Bridging the Climate Change Gap

Since his inauguration in January, President Barack Obama has promised to take the problem of climate change seriously and step into a leadership role in the global negotiations. Congressional leadership on climate has also swelled to deliver domestic climate change legislation. But a “blind spot” seems to be emerging that may make it more difficult for the United States to play the leadership role it wishes — and the world needs it — to play.

While the previous U.S. administration remained largely disengaged from the global community on climate change in the last eight years, much has happened both with respect to our understanding of the many facets of the climate change problem and also with attempts to respond to those different facets. The Intergovernmental Panel on Climate Change (IPCC) has made it very clear that climate change is no longer just a problem of the long-term future that we can prevent through reductions in greenhouse gas emissions, but also a problem of the present and near-term future that we can no longer prevent but must face and cope with through adaptation. Pursuing mitigation strategies without addressing adaptation has been a serious blind spot in U.S. policymaking.

The poorest, most vulnerable communities around the world will bear the brunt of the inevitable impacts of climate change in the near term. Small island developing states — from Tuvalu, Samoa and Fiji in the Pacific Ocean to the Maldives and Seychelles in the Indian Ocean and Haiti and Grenada in the Caribbean — are most at risk, given their vulnerability to sea-level rise and hurricanes. And the poorest countries in the world — from countries in sub-Saharan Africa to Bangladesh and Nepal in South Asia, and Cambodia and Laos in Southeast Asia — are extremely vulnerable to floods, droughts, and sea-level rise. They have few resources and little capacity to cope with these effects of climate change.

About 100 countries — with a total population of nearly a billion people but less than 3% of the global emissions of greenhouse gasses — will shoulder the burden of climate change impacts in the near term.

Recognizing this, members of the conference of parties of the UN Framework Convention on Climate Change — including the United States — agreed to create a fund made up of voluntary contributions to support the poorest countries adapt. Created in 2001, this Least Developed Countries (LDC) Fund supports countries identify their most vulnerable sectors and communities and prioritize and implement the most immediate and urgent adaptation actions.

Over 40 countries have completed their “national adaptation program of action,” creating a minimum to-do list of adaptation projects. Such projects include upgrading early warning systems for storms, installing efficient irrigation systems, planting mangrove buffers along the coast to diffuse storm waves, and building climate-resilient housing. The estimated costs of implementing all the adaptation projects so far identified is likely to amount to just under $2 billion over the next few years. But the amount of funding pledged to the LDC Fund at present is less than $200 million.

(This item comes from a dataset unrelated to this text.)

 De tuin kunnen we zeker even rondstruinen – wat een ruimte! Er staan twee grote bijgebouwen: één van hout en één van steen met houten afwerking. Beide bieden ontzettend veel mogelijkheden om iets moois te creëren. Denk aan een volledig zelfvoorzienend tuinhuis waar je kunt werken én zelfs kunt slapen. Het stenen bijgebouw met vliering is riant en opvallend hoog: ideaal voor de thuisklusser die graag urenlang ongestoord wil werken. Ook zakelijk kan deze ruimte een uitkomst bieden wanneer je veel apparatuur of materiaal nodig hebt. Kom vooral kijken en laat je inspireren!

The United States, as the world’s richest country and its biggest emitter of greenhouse gasses, didn’t pledge a single cent to this fund over the last eight years under President George W. Bush. This has left a significant credibility deficit for the United States that Obama and Congress need to address if they wish the United States to claim a leadership role at the global level on climate change.

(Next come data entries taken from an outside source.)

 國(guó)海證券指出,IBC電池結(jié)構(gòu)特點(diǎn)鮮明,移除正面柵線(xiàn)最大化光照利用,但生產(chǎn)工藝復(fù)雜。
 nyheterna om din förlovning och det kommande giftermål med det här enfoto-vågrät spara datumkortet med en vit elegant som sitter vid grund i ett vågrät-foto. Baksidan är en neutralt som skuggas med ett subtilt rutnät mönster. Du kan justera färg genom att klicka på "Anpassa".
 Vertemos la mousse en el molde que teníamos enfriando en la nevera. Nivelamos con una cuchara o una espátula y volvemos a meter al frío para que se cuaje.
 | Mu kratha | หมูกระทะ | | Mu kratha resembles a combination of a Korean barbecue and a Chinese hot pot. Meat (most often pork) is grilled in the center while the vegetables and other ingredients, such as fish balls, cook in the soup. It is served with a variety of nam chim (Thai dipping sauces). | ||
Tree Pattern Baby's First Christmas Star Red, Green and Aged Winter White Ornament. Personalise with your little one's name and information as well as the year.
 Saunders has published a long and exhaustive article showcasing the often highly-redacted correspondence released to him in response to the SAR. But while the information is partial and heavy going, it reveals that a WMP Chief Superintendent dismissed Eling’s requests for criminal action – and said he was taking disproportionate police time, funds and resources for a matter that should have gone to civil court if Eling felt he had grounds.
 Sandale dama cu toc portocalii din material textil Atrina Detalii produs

Thus, a good way to overcome this “Bush deficit” would be for the United States to allocate up to several hundred million dollars over the next few years to the LDC Fund to enable the poorest and most vulnerable countries to undertake adaptation actions that they have already identified.

While Obama’s proposed budget includes the option of allocating up to $100 million to the LDC fund, it’s unclear if members of Congress will have the political will to make it happen. But they must. Not only will such a contribution show goodwill in the ongoing climate negotiations, it would give the United States the credibility to be taken seriously for walking the walk and not just talking the talk in international climate negotiations.

Saleemul Huq is senior fellow at the Climate Change Group of the International Institute for Environment and Development (IIED) based in London, United Kingdom and also a contributor to Foreign Policy In Focus. He has been a lead author on adaptation science with the IPCC and advises the LDC Group in the UNFCCC negotiations.